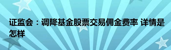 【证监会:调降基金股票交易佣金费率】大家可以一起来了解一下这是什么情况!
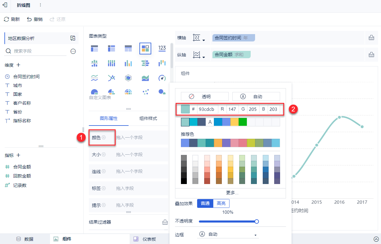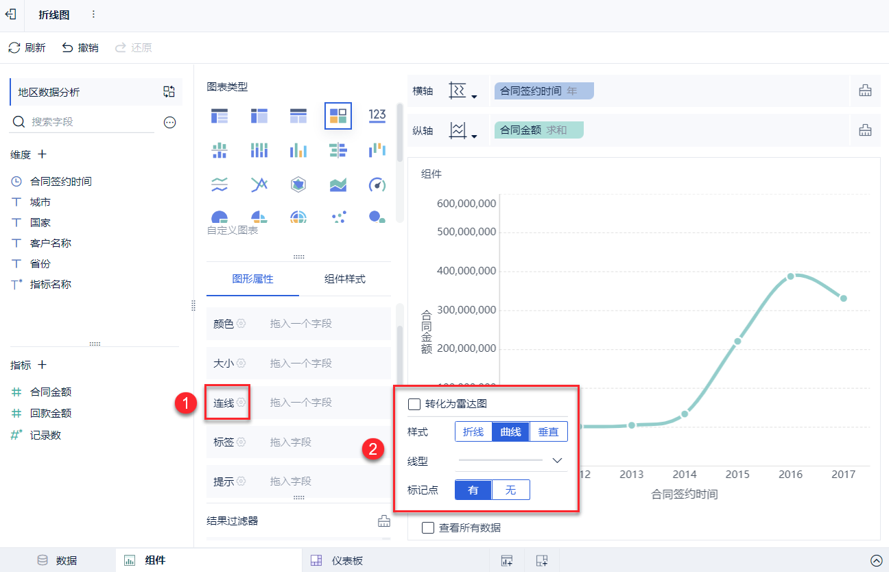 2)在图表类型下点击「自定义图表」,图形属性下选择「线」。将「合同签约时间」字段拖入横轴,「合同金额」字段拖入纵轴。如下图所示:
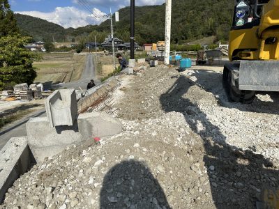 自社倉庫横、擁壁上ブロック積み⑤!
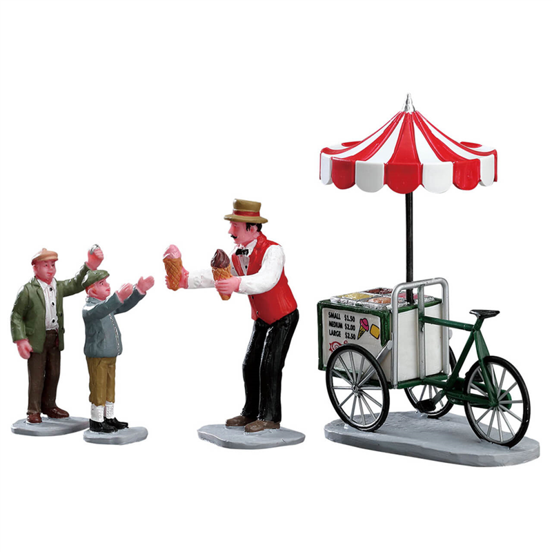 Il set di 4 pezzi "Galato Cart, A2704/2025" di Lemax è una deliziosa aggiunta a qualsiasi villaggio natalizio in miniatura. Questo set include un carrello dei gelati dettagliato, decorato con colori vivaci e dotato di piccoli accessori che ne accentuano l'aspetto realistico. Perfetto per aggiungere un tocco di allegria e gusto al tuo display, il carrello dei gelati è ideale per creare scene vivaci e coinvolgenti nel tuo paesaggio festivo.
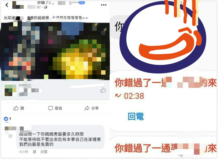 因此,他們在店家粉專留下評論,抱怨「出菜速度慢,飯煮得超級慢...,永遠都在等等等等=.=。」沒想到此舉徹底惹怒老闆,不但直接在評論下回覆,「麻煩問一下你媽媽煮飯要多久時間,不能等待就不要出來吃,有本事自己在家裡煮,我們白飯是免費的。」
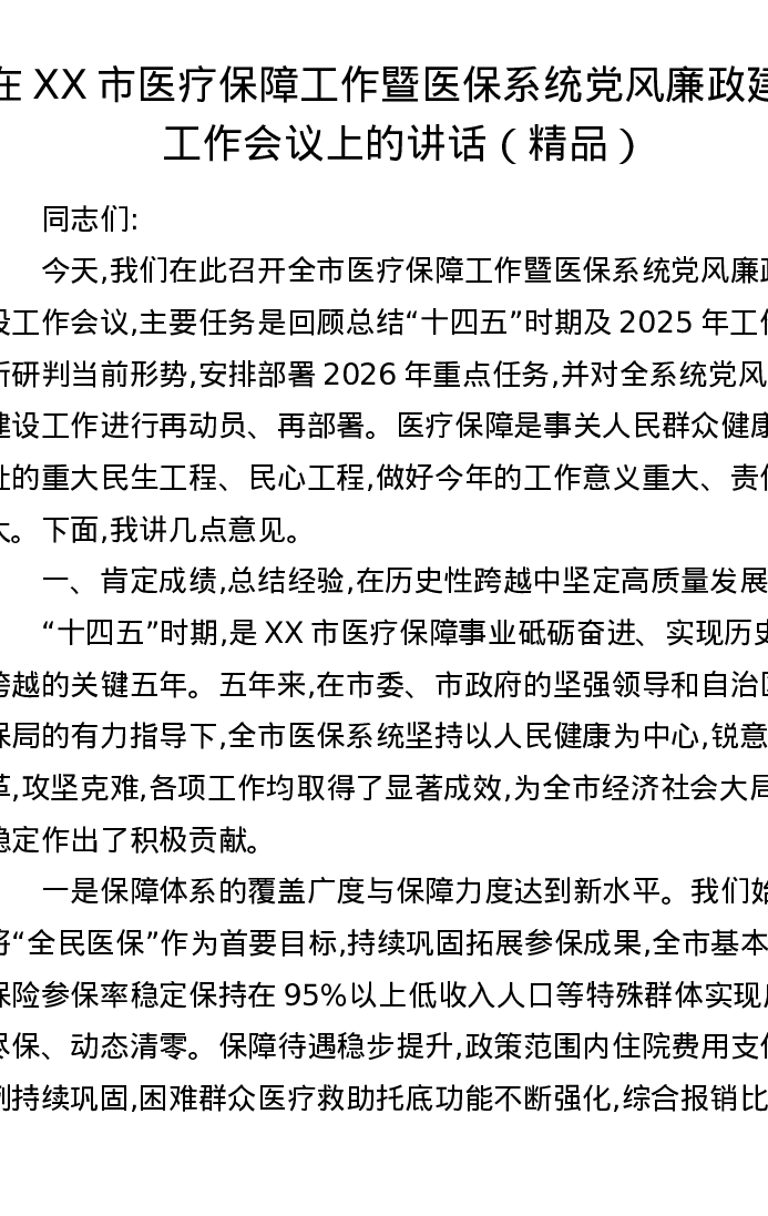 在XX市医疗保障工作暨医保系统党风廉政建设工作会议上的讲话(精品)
- - - - - - -
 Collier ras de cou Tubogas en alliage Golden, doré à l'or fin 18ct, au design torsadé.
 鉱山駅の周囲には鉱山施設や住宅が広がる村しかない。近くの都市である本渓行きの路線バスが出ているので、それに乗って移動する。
- - - - - - -
### Task instructions
Of the lines above, output exactly those from the line bearing "Collier ras de" through the line bearing "鉱山駅の周囲には鉱山施設や住", inclusive.

### Task answer
 Collier ras de cou Tubogas en alliage Golden, doré à l'or fin 18ct, au design torsadé.
 鉱山駅の周囲には鉱山施設や住宅が広がる村しかない。近くの都市である本渓行きの路線バスが出ているので、それに乗って移動する。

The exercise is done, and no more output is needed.